Hollow Earth and World Ice theories were only two particularly laughable examples of a Nazi cultural regression that included radical alterations in the fields of mathematics, psychology, and physics. It is arguable that the rejection of Einstein’s theory of relativity in place of Deutsche Physiks prevented the Nazis from developing nuclear technology and many other weapons. Some historians similarly argue that the eugenic fervor of the Master Race ideology, which paved the way to the Final Solution, diverted resources to an extent that helped cost Hitler the war.

Better known than their cosmology was the mystical underpinnings of the Nazis’ firm belief in racial superiority. SS leaders Rudolph Hess, Wilhelm Landig, and Karl Maria Miligut developed a cult based on the Nordic pantheon, esoteric rituals, and psuedo-anthropology. Landig, already a major influence on the occultist Thule Society that influenced National Socialist theology in its earliest days, developed the Black Sun as the cult’s symbol. The circular symbol was composed of three interlocking swastikas radiating out from a center point like the sun’s rays. Our yellow sun, he believed, was like a “shadow” of the spiritual Black Sun whose dark solar power could provide enough voltage for rebirth of the Aryan Nation.

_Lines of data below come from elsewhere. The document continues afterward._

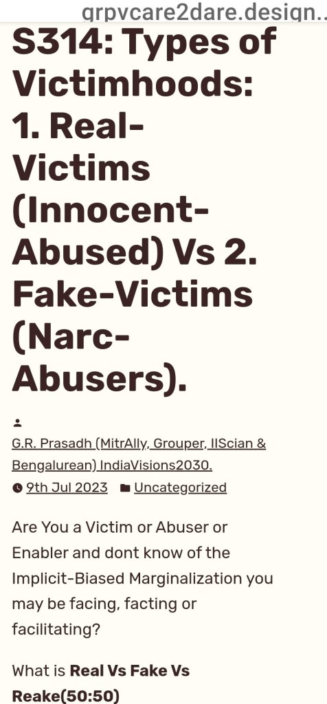 Victims maybe from any section of society it matters who is genuine-overt Victims which maybe in middle grey area and who lies in the fake-covert Victims.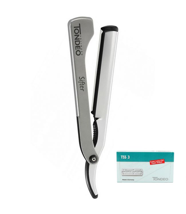 Tondeo Solingen TSS SIFTER Snijmes Inclusief 10 TSS Mesjes is een snijmes met een klapgreep. Dit snijmes werkt zeer aangenaam vanwege de brede messen. Dit snijmes kan gebruikt worden om het haar ui te dunnen, te modelleren of te scheren. De TSS SIFTER kan gebruikt worden met de TSS mesjes die ook meegeleverd worden. Dit snijmes scheert zacht en veilig.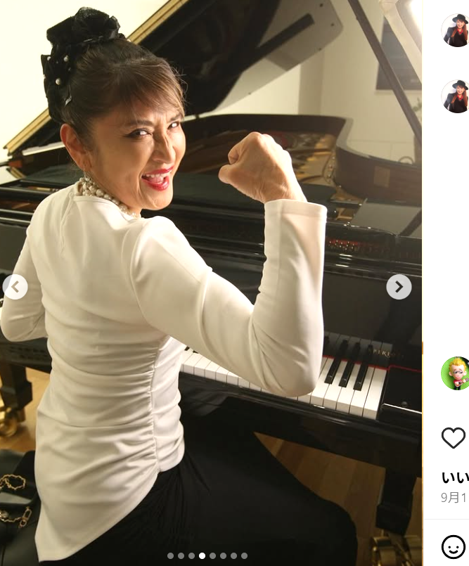 9月1日、ピアノを前にマッスルポーズの志穂美さん(※写真=保坂駱駝、@etsuko_shihomi

The inversion of spirit and material, lightness and darkness, and the particular and universal were dramatic here as in the Hohlwelt, and in the end, just as much a failure. The fascist experiment delegitimized itself, but its anti-modern pretenses remains appealing to today’s radicals. Astrology and astronomy became separate categories in the modern era, as did faith and reason, religion and law, science and pseudoscience. Nationalists, Radical Traditionalists, and the futurist “neoreactionaries” deploy the myth that inverting these divisions, instead of abolishing them altogether, help us conceive of an idealized bygone time. The internationalist, anticapitalist, and egalitarian aspects of the last half-decade of struggle have only furthered modernity’s march away from these simpler times, they argue, and should be disregarded as agents of degradation.

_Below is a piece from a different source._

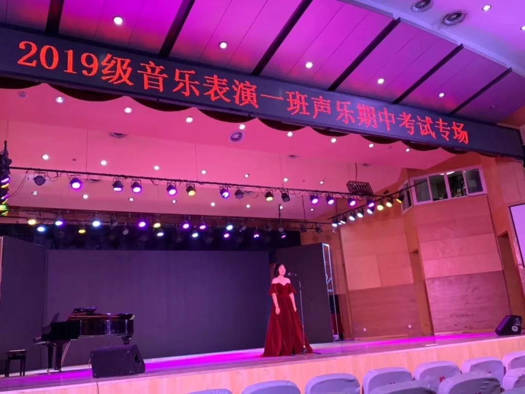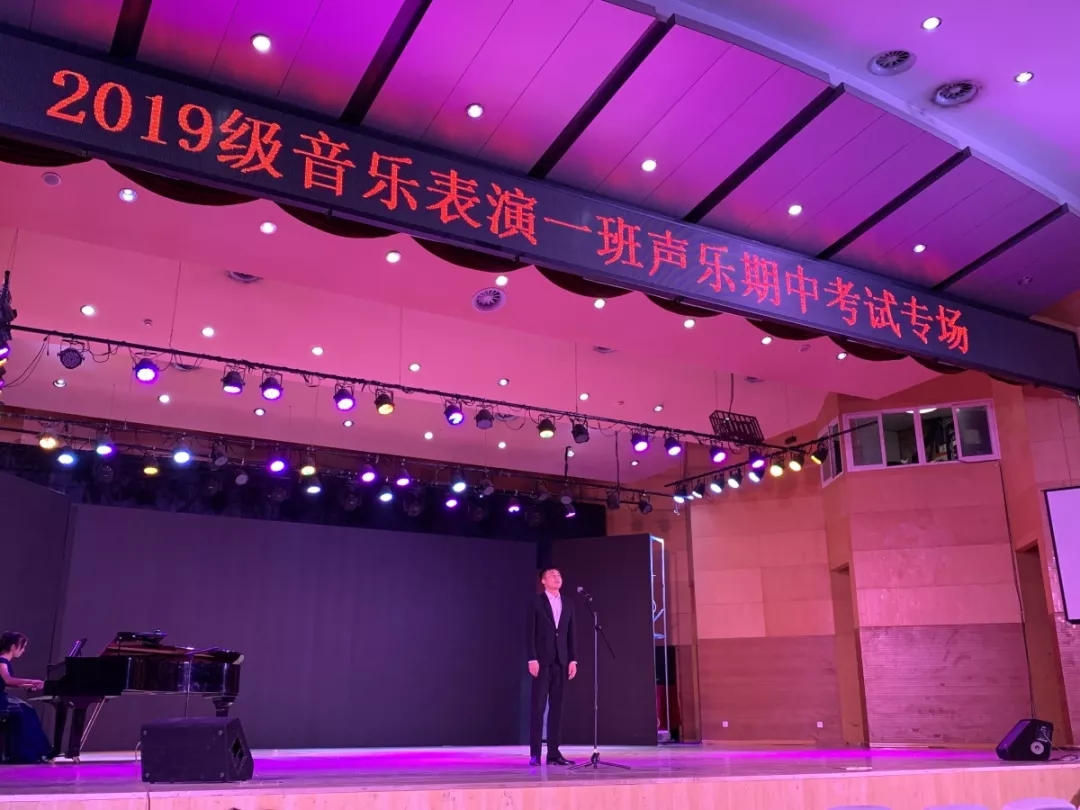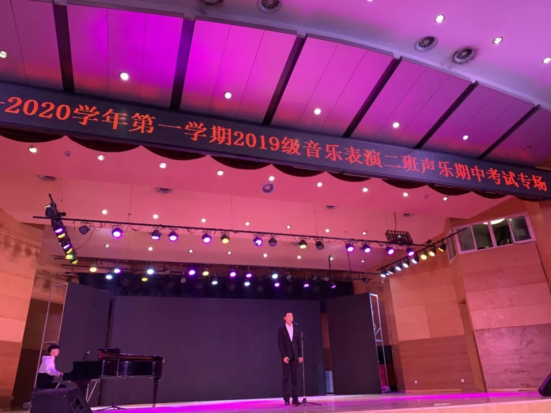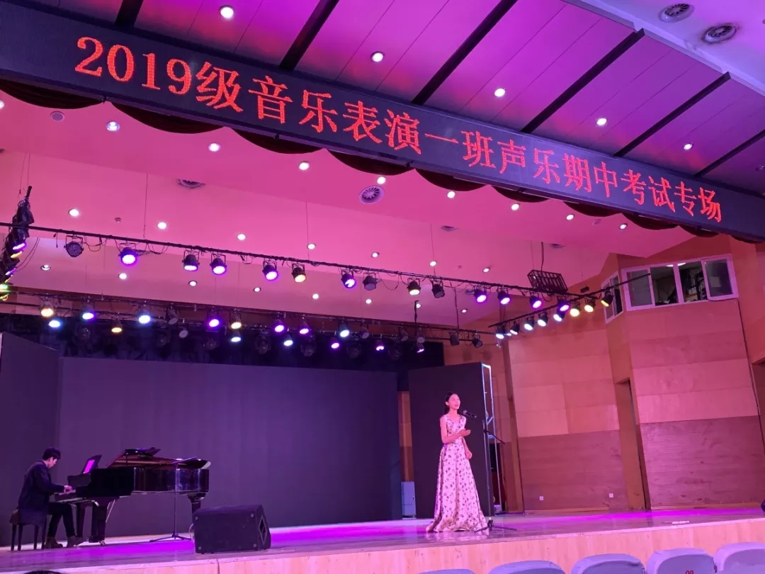 11月14日、15日下午,太阳成集团tyc151cc在音乐厅举行了两场别开生面的2019级音乐表演专业声乐期中考试。在学期中间增设一次专业技能课的期中考试,是本学期音乐表演专业落实人才培养目标,加强舞台实践育人的一项教学新举措,是遵循我院强调“抓学风,促教风,不断提高课堂教学质量”的

Elements of capitalist totality, such as money, finance, industry, or globalization are singled out and demonized. Some group is inevitability equated with the degenerative nature of these “abstractions” and becomes undesirable. Moishe Postone argues in his essay National-Socialism and Anti-Semitism that Jews were targeted by the Nazis because their stereotypical character of the unassimilated merchant or banker was a perfect stand-in for the commodity-form. Today, European Muslims fulfill a similar role as symbols of “multi­culturalism”’s blight on traditional European values. The expansion of legal rights and visibility for homosexuals, as well as the widespread appeal of feminism, become symbols of attacks on the myth of traditional family.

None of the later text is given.